After two years the FDA responded to Public Citizen about their petition, “indicating that their request raised complex issues and needed a major review” before a decision on the petition could be reached. The group sued the agency in 2014 for not responding to their petition which prompted action by the agency on the matter, though not as much as was asked for.

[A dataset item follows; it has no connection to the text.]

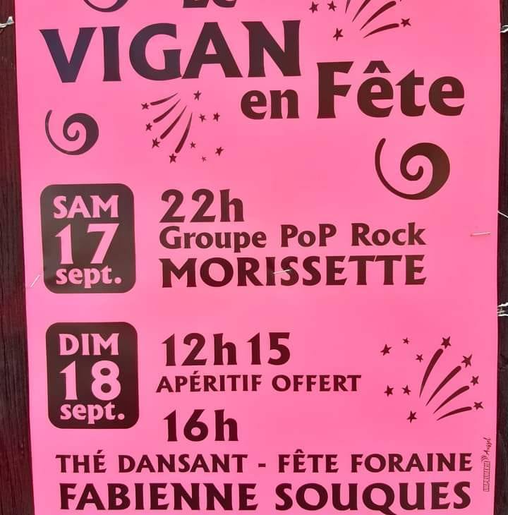 Le week-end prochain dans notre commune la fête revient, tradition ancestrale de la vie de nos commune qui a depuis des années rapproché des personnes qui ne se voyaient que dans ces moments-là, des couples se sont formés, des amitiés sont nées, des souvenirs aussi. Dans la vie d’une commune la fête est un moment de partage et de plaisir de se retrouver autour d’une même idée « la convivialité » ainsi va la vie d’une commune et bien qu’avec le temps les traditions s’estompe nous nous devons de les faire vivre. C’est ainsi que dans notre commune du Vigan, nous vous attendons nombreux pour participer à cette tradition. Le dimanche à 11h30 dépôt de gerbe au monument aux morts suivit, comme la tradition le veut, d’un apéritif offert par la mairie.

Overuse of PPIs is a real issue. It’s like using a sledgehammer when a tack hammer would do the job. It can be overkill. Start with lifestyle changes. Then try botanical acid reducers like NaturCress, which combines garden cress seed and zinc. NaturCress is not a drug. Many people find success with NaturCress for episodic heartburn predictably triggered by a few special foods like tomato sauce. If most foods trigger heartburn, then it is not episodic heartburn and an OTC or prescription drugs may be needed.
“… proton pump inhibitors (PPIs) drugs, so-named because of the mechanism they use to shut off the production of stomach acid. PPIs are one of the most widely used classes of drugs in the United States, with 119 million prescriptions dispensed in 2009 and $13.6 billion in U.S. sales. An estimated 1 of every 20 people in the developed world is taking the medications, which include Nexium, Dexilant, Prilosec, Prilosec OTC, Zegerid, Zegerid OTC, Prevacid, Prevacid 24-Hr, Protonix, Aciphex, Vimovo and numerous generic counterparts, most prominently omeprazole and pantoprazole.”